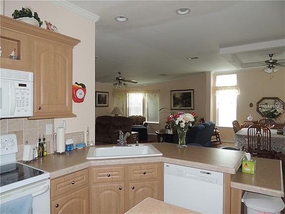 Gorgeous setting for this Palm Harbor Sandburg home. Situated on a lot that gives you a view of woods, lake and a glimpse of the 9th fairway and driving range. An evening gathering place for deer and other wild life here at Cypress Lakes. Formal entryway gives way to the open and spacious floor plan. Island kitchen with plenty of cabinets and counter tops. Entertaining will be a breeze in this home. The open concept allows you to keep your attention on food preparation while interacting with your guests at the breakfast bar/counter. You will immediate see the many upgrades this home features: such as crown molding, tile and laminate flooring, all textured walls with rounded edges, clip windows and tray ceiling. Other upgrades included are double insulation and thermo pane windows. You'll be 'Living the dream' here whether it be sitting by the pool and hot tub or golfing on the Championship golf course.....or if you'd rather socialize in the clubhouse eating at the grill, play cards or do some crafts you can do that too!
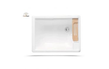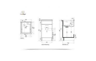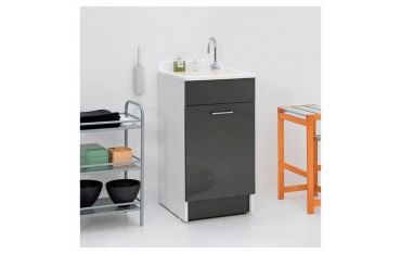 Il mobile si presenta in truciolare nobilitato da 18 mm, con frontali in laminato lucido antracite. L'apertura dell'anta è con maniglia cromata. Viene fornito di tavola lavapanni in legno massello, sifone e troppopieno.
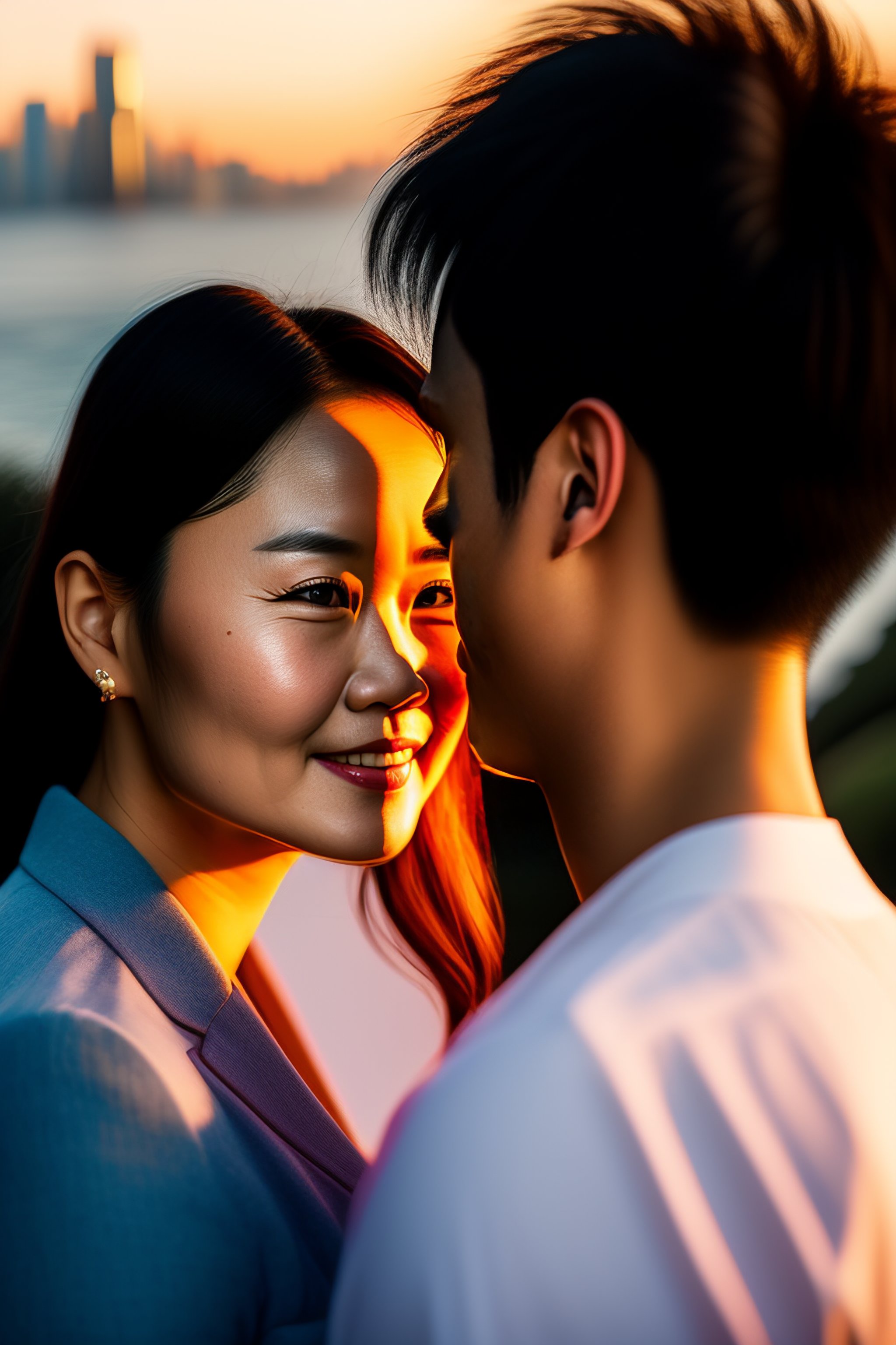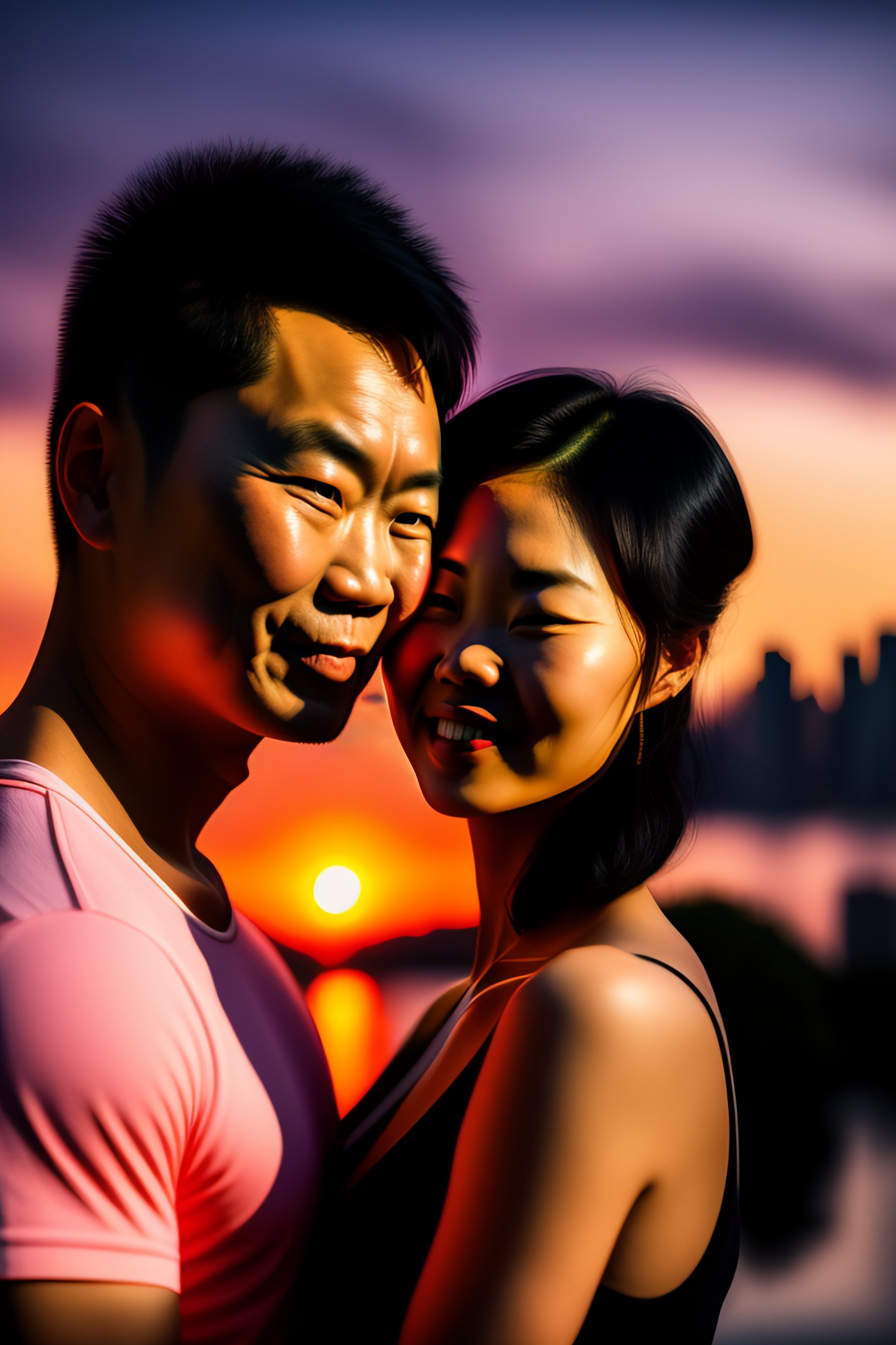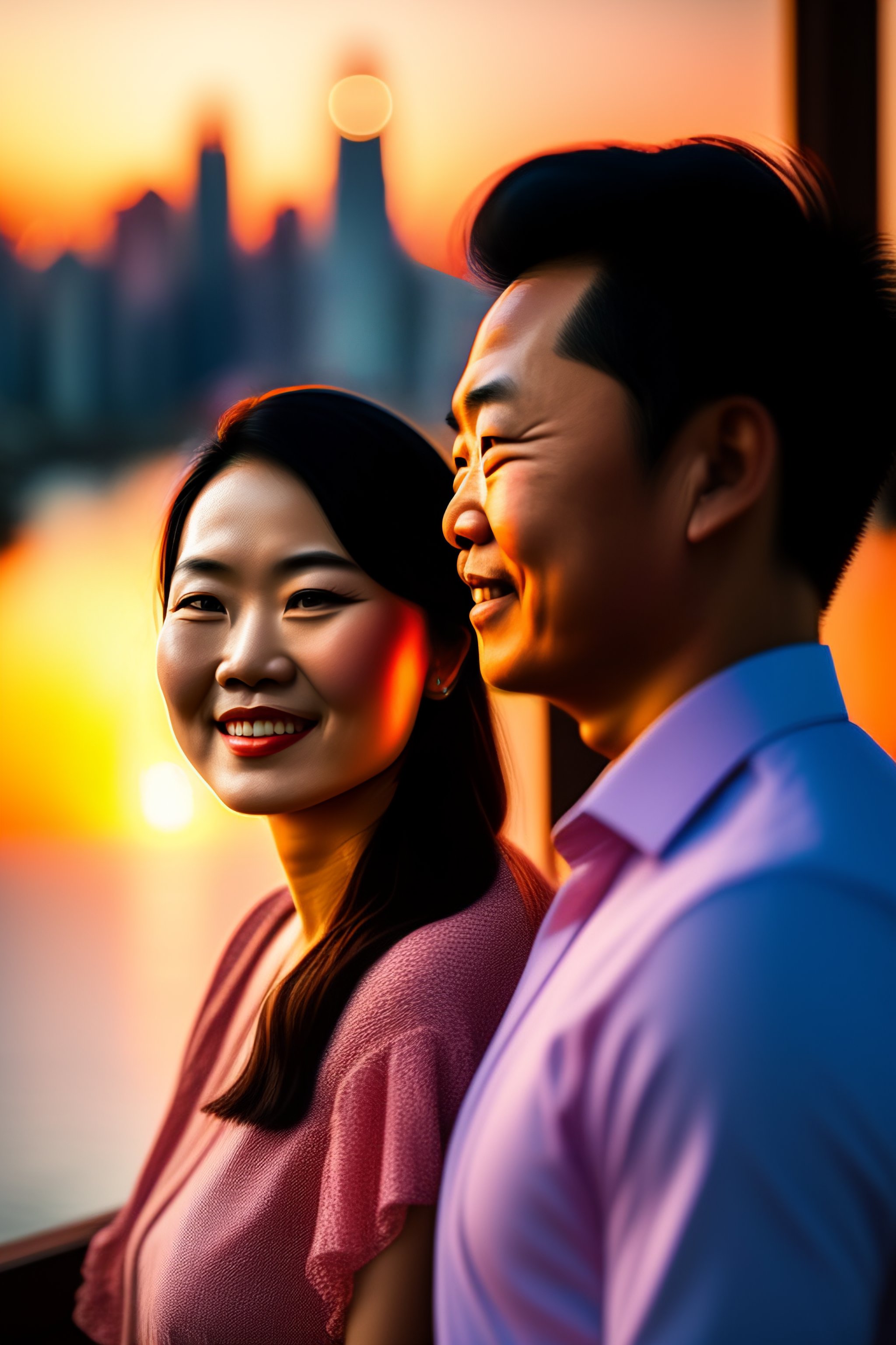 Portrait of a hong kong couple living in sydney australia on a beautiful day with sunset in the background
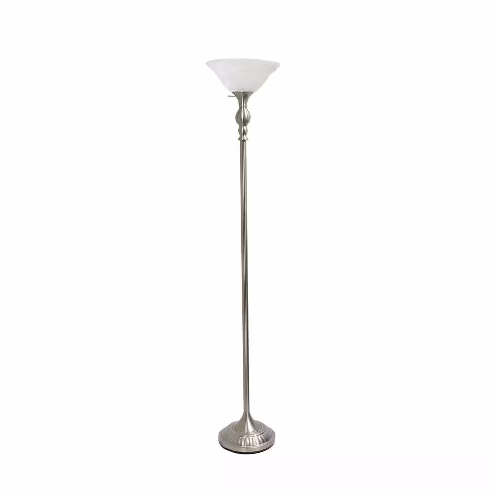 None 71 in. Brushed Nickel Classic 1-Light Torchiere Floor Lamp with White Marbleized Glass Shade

+===+

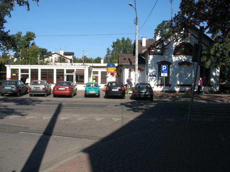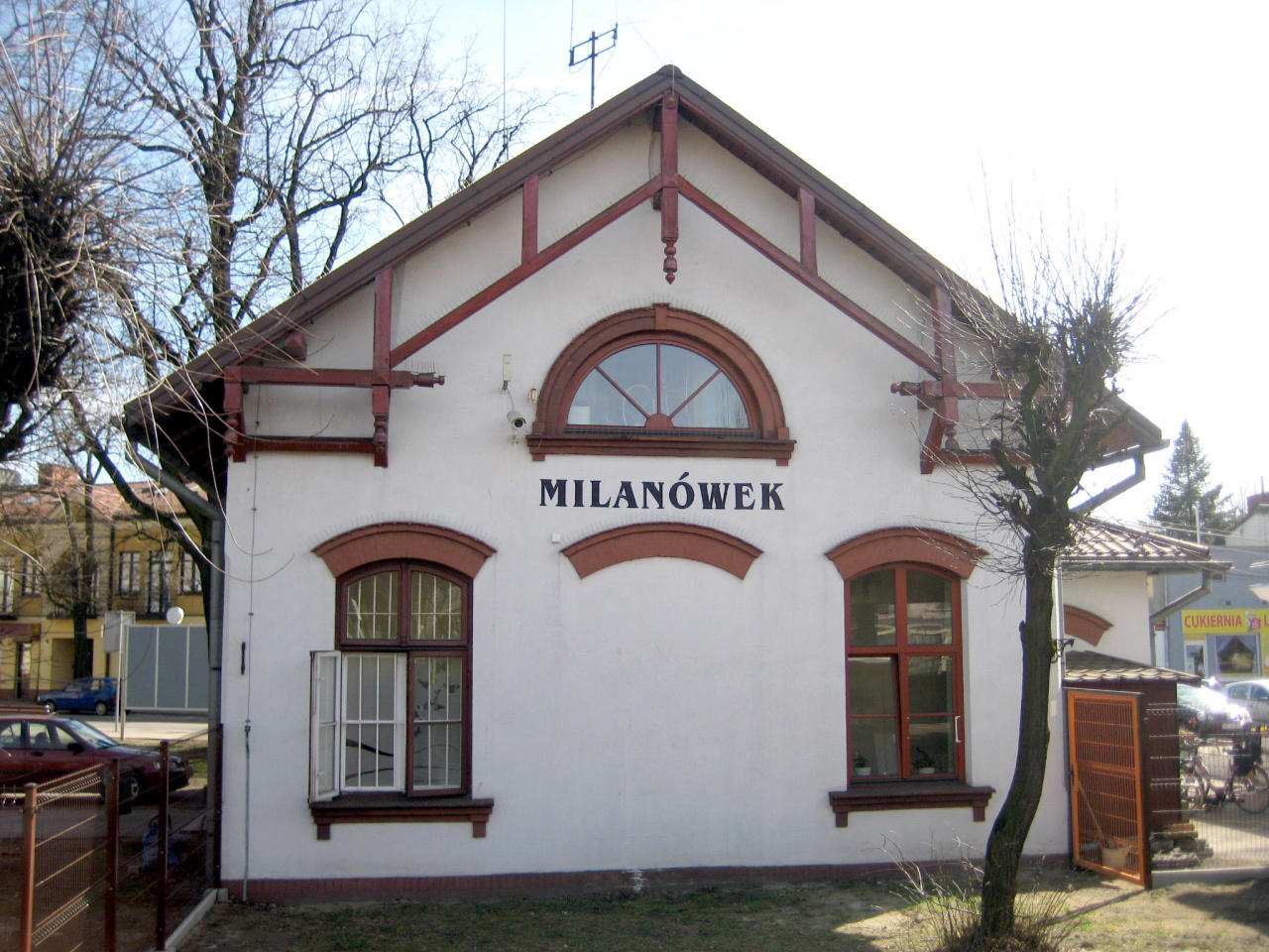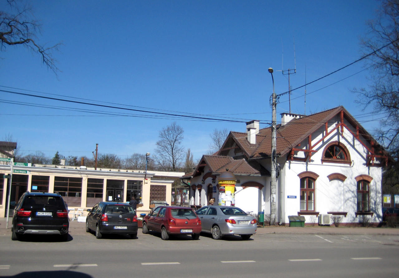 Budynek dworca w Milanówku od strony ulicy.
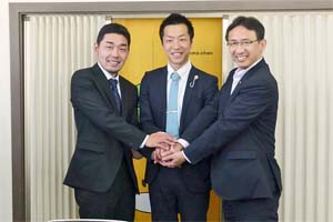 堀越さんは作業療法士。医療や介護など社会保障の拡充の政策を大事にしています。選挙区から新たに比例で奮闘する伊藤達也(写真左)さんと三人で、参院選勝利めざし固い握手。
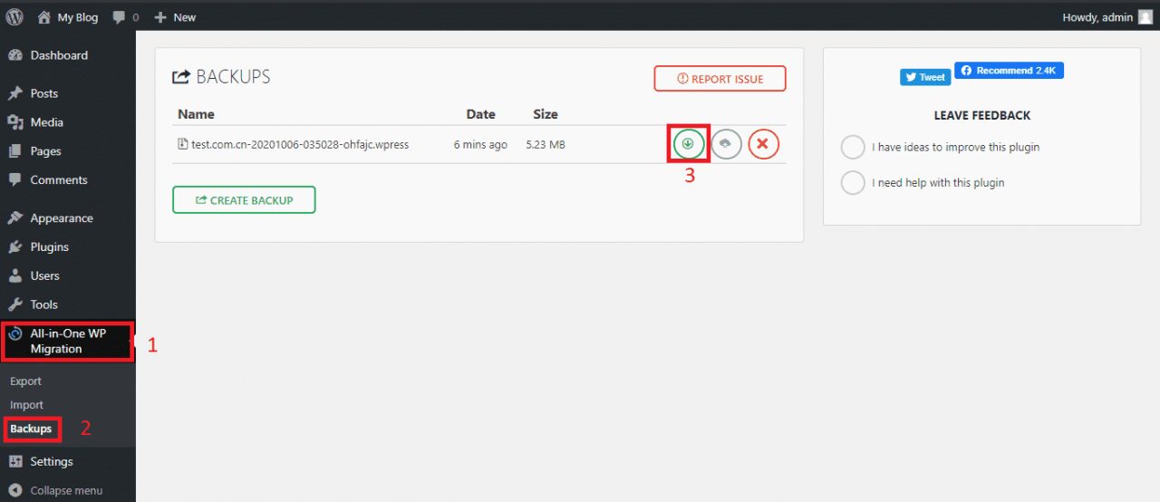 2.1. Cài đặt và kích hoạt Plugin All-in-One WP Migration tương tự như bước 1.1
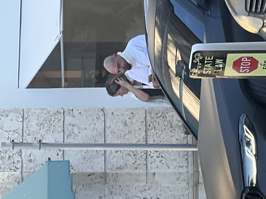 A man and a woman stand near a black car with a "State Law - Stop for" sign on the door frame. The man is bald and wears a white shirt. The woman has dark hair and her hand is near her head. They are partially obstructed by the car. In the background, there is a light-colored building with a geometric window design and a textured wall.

+===+

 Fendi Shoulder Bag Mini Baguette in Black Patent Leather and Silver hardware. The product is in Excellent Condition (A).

+===+

**Try it**
"堀越さんは作業療法士。医療や" marks the first line to copy, and "A man and a" marks the last. Repeat that stretch above exactly, with no pictures.

**Written solution**
 堀越さんは作業療法士。医療や介護など社会保障の拡充の政策を大事にしています。選挙区から新たに比例で奮闘する伊藤達也(写真左)さんと三人で、参院選勝利めざし固い握手。
 2.1. Cài đặt và kích hoạt Plugin All-in-One WP Migration tương tự như bước 1.1
 A man and a woman stand near a black car with a "State Law - Stop for" sign on the door frame. The man is bald and wears a white shirt. The woman has dark hair and her hand is near her head. They are partially obstructed by the car. In the background, there is a light-colored building with a geometric window design and a textured wall.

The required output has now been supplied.